What’s left, Roberts-Fer said, is the core, essential duty that rightfully belongs to an agency such as this: the ability to help victims of domestic violence during times of crisis.

The hotline is manned, the money-raising thrift shop is open, and the workers remaining for the agency are being cross-trained to handle a multitude of services. The days of specializing are over, Roberts-Fer said, and so are nice-but-not-essential services, such as long-term counseling for victims. That’s being farmed out into the community when there’s a need.

The continued viability of the nonprofit hinges on two critical points: continued grant money from a dollars-strapped state, and the ability of REACH to ride out a four- to five-month expected delay in receiving that funding. These days, North Carolina is slow to put the checks in the mail, and agencies that desire solvency have learned to stash money or use lines of credit from banks to ride out the drought that begins with each new fiscal year.

REACH, however, has no piggy bank, and no real bank that is willing to extend credit — the agency went into foreclosure proceedings with the village, subsequently missing payroll twice and even seeing the water cut off for nonpayment of bills. REACH isn’t exactly the kind of customer most banks will open their vaults to.

Money woes or not, the need for the nonprofit’s services are great; however, during fiscal year 2009-10, REACH of Jackson County received more than 400 crisis-line calls, provided emergency shelter for 37 women and 48 children, and was involved in 269 counseling sessions.

Finance Director Janice Mason said the thrift shop isn’t making much money, but that it is holding its own. One positive sign is that donations are up, she said.

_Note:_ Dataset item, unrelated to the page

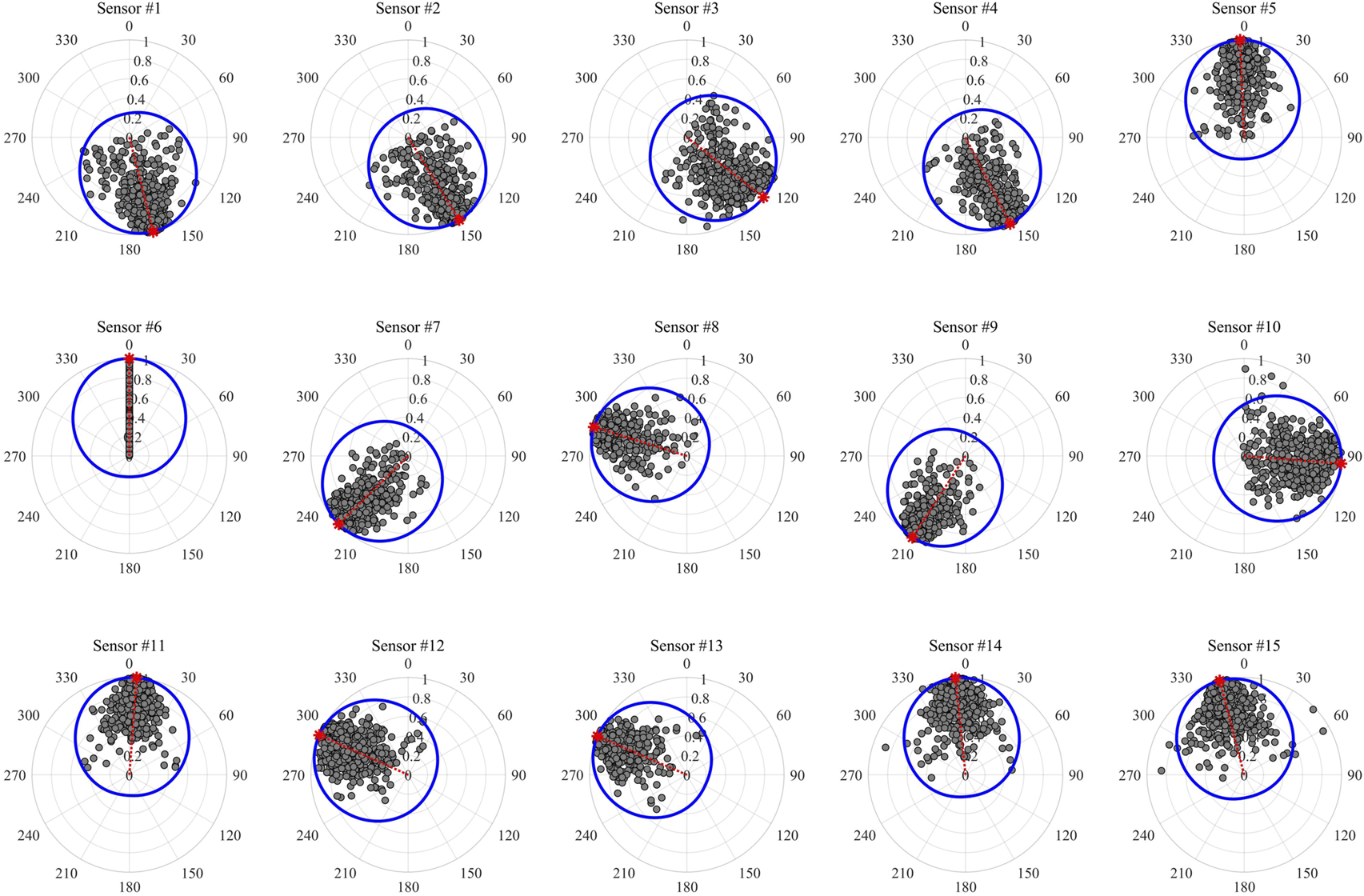 The receiver orientation results obtained from above two events are listed in Table 2. Because the P-wave of perforation shots on the 6th receiver in Figure 6 generally has the maximum rectilinearity, we choose the 6th receiver as the reference to calculate the relative orientation angles of other receivers. The relative angle differences and the average rectilinearity values from all recorded events are then utilized to construct the von Mises distribution functions and formulate the global functions. The relative orientation angles obtained from the perforation shot are used to correct the calculation of the relative orientation angles in all events for resolving the 180° ambiguity. Figure 9 depicts the polar diagrams of the relative angle differences and the average rectilinearity values from all events at those receivers. The relative receiver orientation angles can be obtained by calculating the maximum values of the probability density functions (denoted by the red crosses in Figure 9).

Roberts-Fer has warned her staff that she cannot guarantee all the hard times are over, or even that the agency might not again miss payroll. Still, she remains optimistic.

“Progress towards stability has been slow, but there is definite progress,” Roberts-Fer said.

 

REACH fundraiser

A REACH of Jackson County fundraiser is set for Saturday, June 18, from 6:30 p.m. to 10:30 p.m. at the Country Club of Sapphire Valley. Tickets are $75 per person. The evening includes dinner, drinks, dancing and gaming, with a special appearance by the Gamelan Ensemble. 828.631.4488 ext. 207.

Clean Slate to offer women in this region a second chance

A halfway house to help women who have been released from jail after serving time for minor offenses or other “life challenges” is opening in Sylva.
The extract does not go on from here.